Security & operations: SIEM, EDR/XDR, vulnerability management, ticketing/case management, security automation (SOAR)
Identity & governance: IAM concepts, secrets management, PKI / certificate lifecycle management, key management / HSM concepts
Corporate IT: ITSM practices, endpoint management/MDM, collaboration and productivity tooling
Infrastructure exposure: cloud environments, CI/CD, observability, incident management

(We don’t expect you to be hands-on in every tool — we’re looking for someone who can lead outcomes, maturity, and operating models.)

🕵🏻‍♀️ To succeed, you should meet at least 70% of these requirements

• +10 years of professional experience in Cybersecurity in one of the relevant fields, including at least 5 years managing and leading Security Operations

• Significant professional experience across Security Operations and/or Corporate IT Operations, ideally in a regulated or high-availability context

• Proven leadership experience managing multidisciplinary teams, with a track record of improving services through people, process and technology

• Fluent in English (CEFR C1 or C2); additional European languages are a plus

• Comfortable working remotely in a pan-European, multicultural environment

• Strong incident response leadership skills: calm under pressure, structured decision-making, and able to drive measurable improvements over time

• Experience building scalable operational practices: on-call/coverage models, escalation paths, runbooks, post-incident reviews, and operational KPIs

• Ability to design and implement pragmatic governance frameworks, including familiarity with enterprise cryptography/key management/certificates from an organisational perspective

• Demonstrated capability improving Corporate IT service delivery (service orientation, intake models, transparency, stakeholder satisfaction)

• Experience managing vendors/partners and budgets, including performance governance (SLAs, regular reviews, escalations, value realisation)

• Experience supporting control assurance/audit activities (ISO 27001, DORA, PCI DSS, SOC 2 or similar), including evidence discipline and remediation management

Nice to have

• Experience in the payment or financial services industry

• Experience with AI systems and agents

🪜 If this looks like you, the recruitment steps are:

• A first call with one of our recruiters

• A first interview focusing on an operational deep dive with SecOps experts

• A second interview with our CISO

• A final interview with our COO

• Hopefully, an offer you can’t refuse

⛔ Turn back if …

• You prefer a highly structured corporate setup with predefined processes and no ambiguity

• You’re not comfortable owning outcomes across both security operations and corporate IT service delivery

• You dislike leading during high-pressure incidents and making decisions with imperfect information.

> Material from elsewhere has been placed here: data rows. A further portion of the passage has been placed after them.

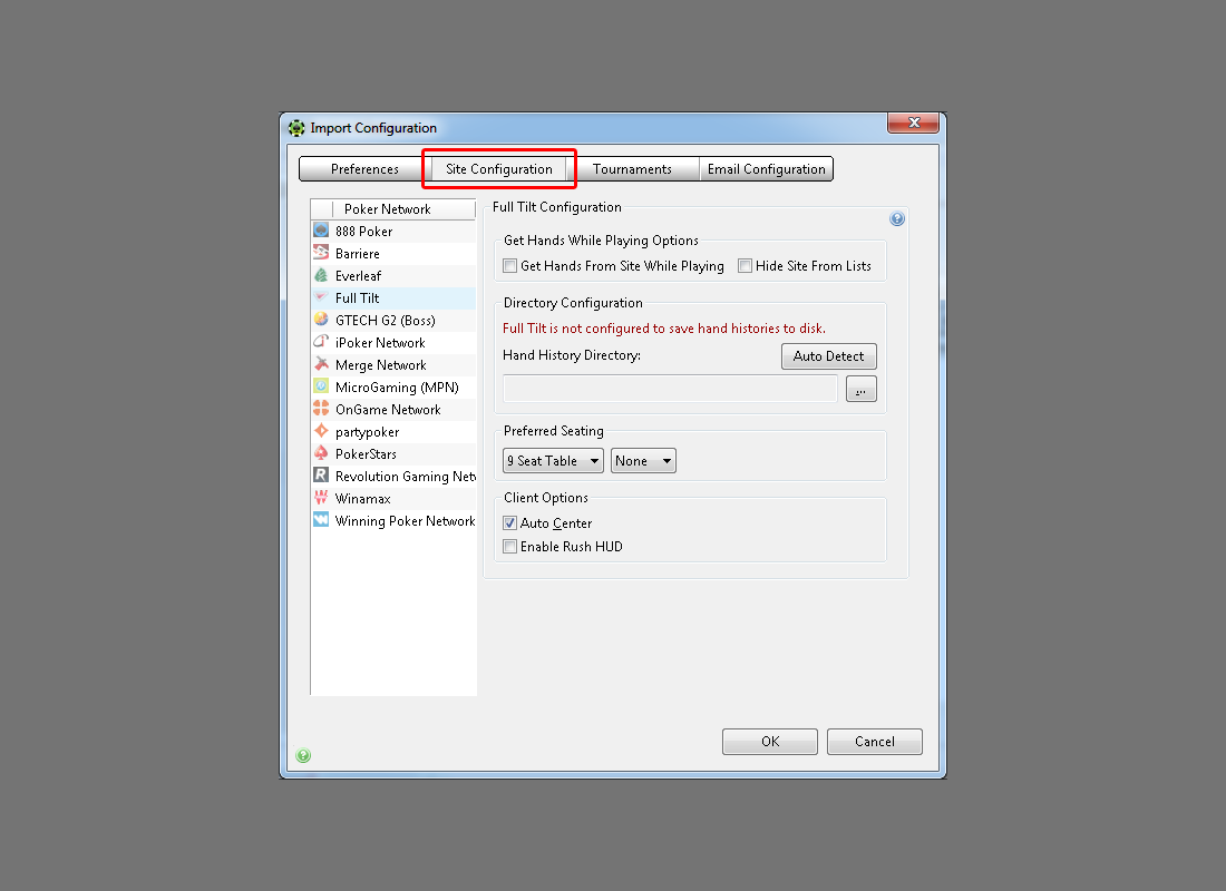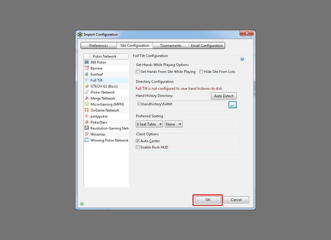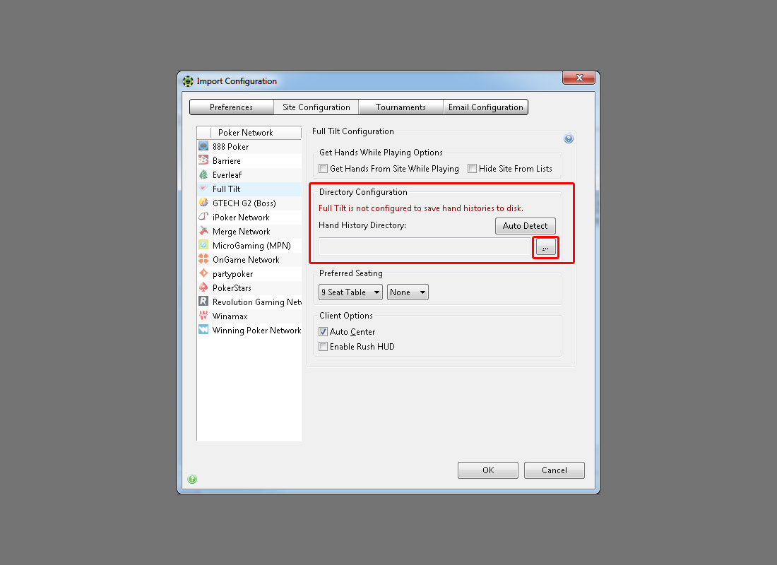 Select desired poker network from the list on the left (for example FullTilt). Take a closer look at the Directory Configuration section. Click on the small three dot button to open a folder browse dialog.
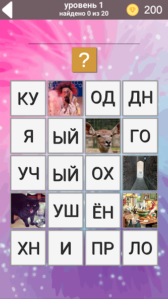 At each level, you have 20 photos available, with which you must guess 20 hidden words to complete the level. Photos are opened one at a time, and you have access to a certain number of photos.as you guess them, others will be available to you. The game is available in 7 languages: English, Russian, Spanish, Italian, Portuguese, German, and French.
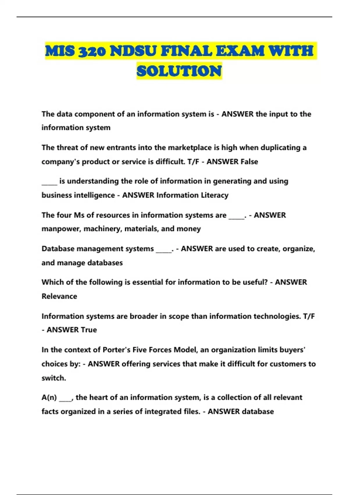 MIS 320 NDSU FINAL EXAM WITH SOLUTION
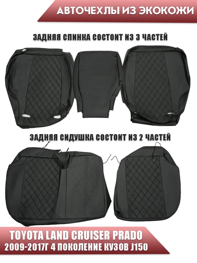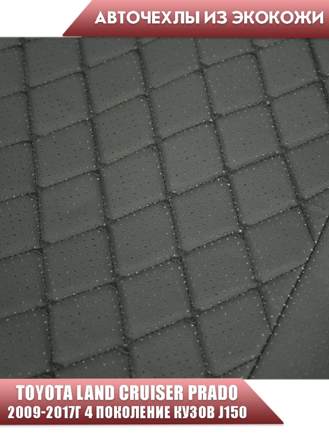 Авточехлы Toyota Land Cruiser Prado 2009-2017г кузов J150 экокожа черная серая нить ромб Maximal
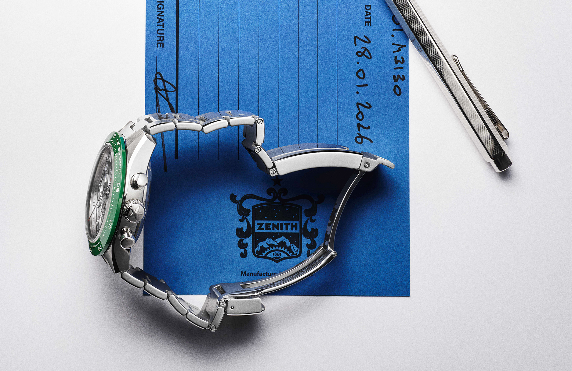 除了视觉上的飨宴,真力时在功能细节上也展现了与时俱进的野心。 随之亮相的全新专利 ZENCLASP™ 摺叠式錶扣,是品牌历时三年、耗费 1,800 小时研发的成果。 这款錶扣由 41 个精密组件构成,并巧妙运用了陶瓷滚珠强化元件,确保锁定的稳定性与顺畅感。
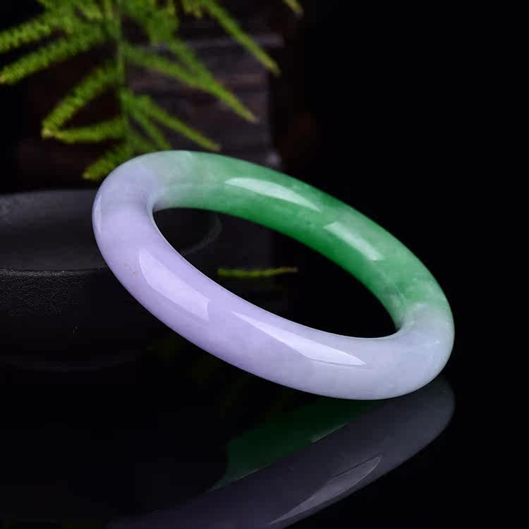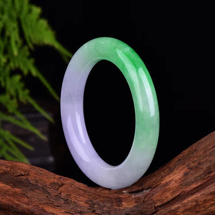 Fakaso Jewelry Live Natural Burmese Jade Jade Bracelet Yang Green Demon Purple Spring Color Round Bar Gold Ring Mouth Jewelry
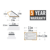 The airflow hatch design allows ventilation even in inclement weather. A trailblazer in New Zealand, it is designed to integrate perfectly with the Peak Annex Room attachment (available separately). The Tuatara Peak is the ultimate choice for avid adventurers.
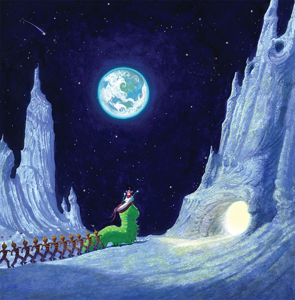 Лунороботы, лунные мышки и гигантские светящиеся гусеницы окружили Малыша. Единственными словами, которые знал Малыш, были «ту-ту», поэтому он всё повторял и повторял их. Одна из гусениц аккуратно подняла его и повезла на своей спине к убежищу — туннелю, который прорезал лунные скалы. Малыш задрал голову и грустно посмотрел на мерцающее вдалеке созвездие своих родителей. Вот теперь он действительно стал Лунным Малышом — он оказался один-одинёшенек на всей Луне.
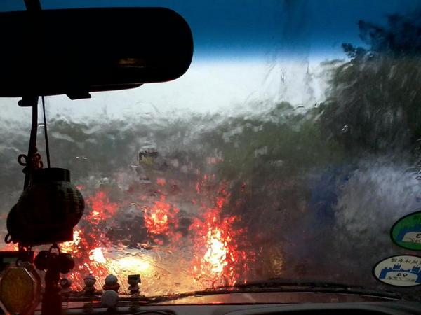 陳彥綸 突如其來的大雨使擋風玻璃上都是水
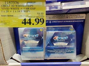 1157376 CREST 3D WHITESTRIPS VIVID WHITE 1 HR EXP 1 x 20 1 x 14 STRIPS 15 00 INSTANT SAVINGS EXPIRES ON 2021 01 03 44 99 by Costco East December 7, 2020, 1:00 pm 1157376 CREST 3D WHITESTRIPS VIVID WHITE + 1 HR EXP 1 x 20 + 1 x 14 STRIPS ($15.00 INSTANT SAVINGS EXPIRES ON 2021-01-03) $44.99 See more Previous article Costco Canada Flyer sales & sale Items Dec 7th – 13th 2020 – Ontario, Quebec & Atlantic Canada Written by Costco East Comments Our site Facebook Leave a Reply Cancel replyYour email address will not be published. Required fields are marked *Comment * Name * Email * Website Loading… 0
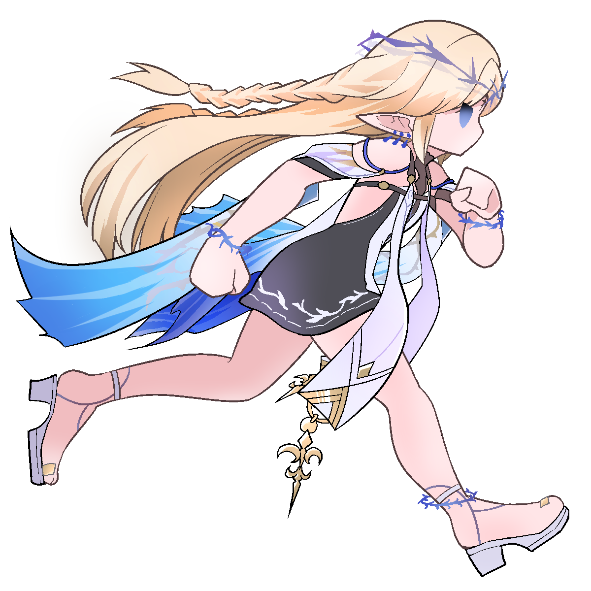 1girl bare_shoulders black_dress blonde_hair blue_eyes cartethyia_(wuthering_waves) commentary_request dorinhakawaii dress earrings full_body highres jewelry long_hair multiple_earrings pointy_ears running solo wuthering_waves
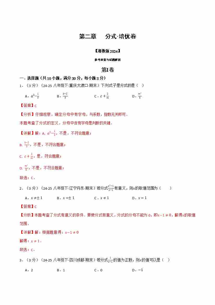 首页 > 全部 > 单元AB卷 > 第2章 分式(举一反三单元测试·培优卷)(解析版)
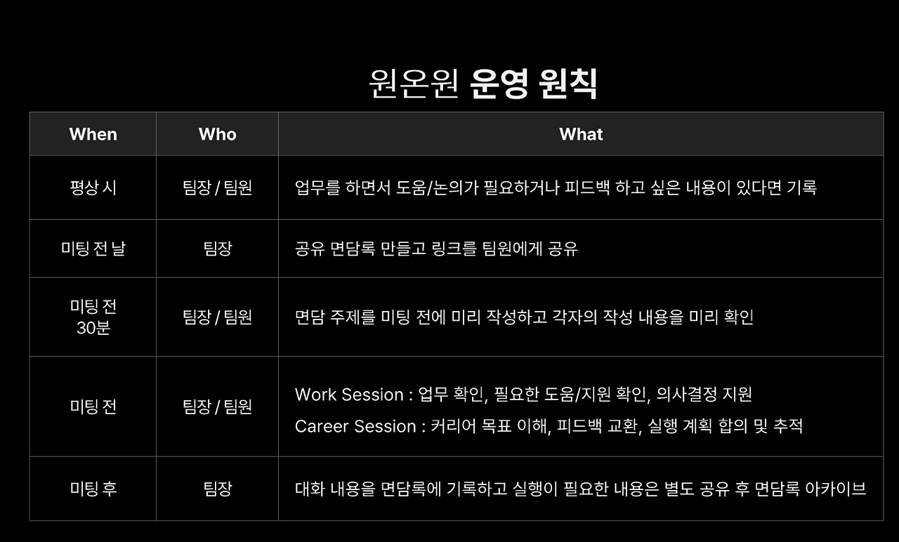 (팀원들과의 1:1미팅을 할 때, 사수와 후임의 관계에서 진솔하고 솔직한 마음을 이끌어내기가 쉽지 않더라구요ㅠ)

• You see security or IT as a gatekeeper rather than an enabler of reliable delivery

🎁 What we can offer

• Remote-first culture with quarterly and annual all-staff in-person meetups to keep teams connected and collaborative

• Possibility to work from another EU country for up to 3 months per year

• Competitive compensation package, featuring salary, performance-based bonus, and a thoughtfully designed, high-quality benefits program

• The opportunity to be part of a multicultural European company

• Learning & development budget: €5,000 training budget per year

Otherwise apply!

🫶 Our commitment to equal employment opportunities

EPI offers the same job opportunities to all, without distinction of gender, ethnicity, religion, sexual orientation, social status, disability or age. EPI promotes the development of an inclusive work environment that mirrors the diversity of the clients our product is serving.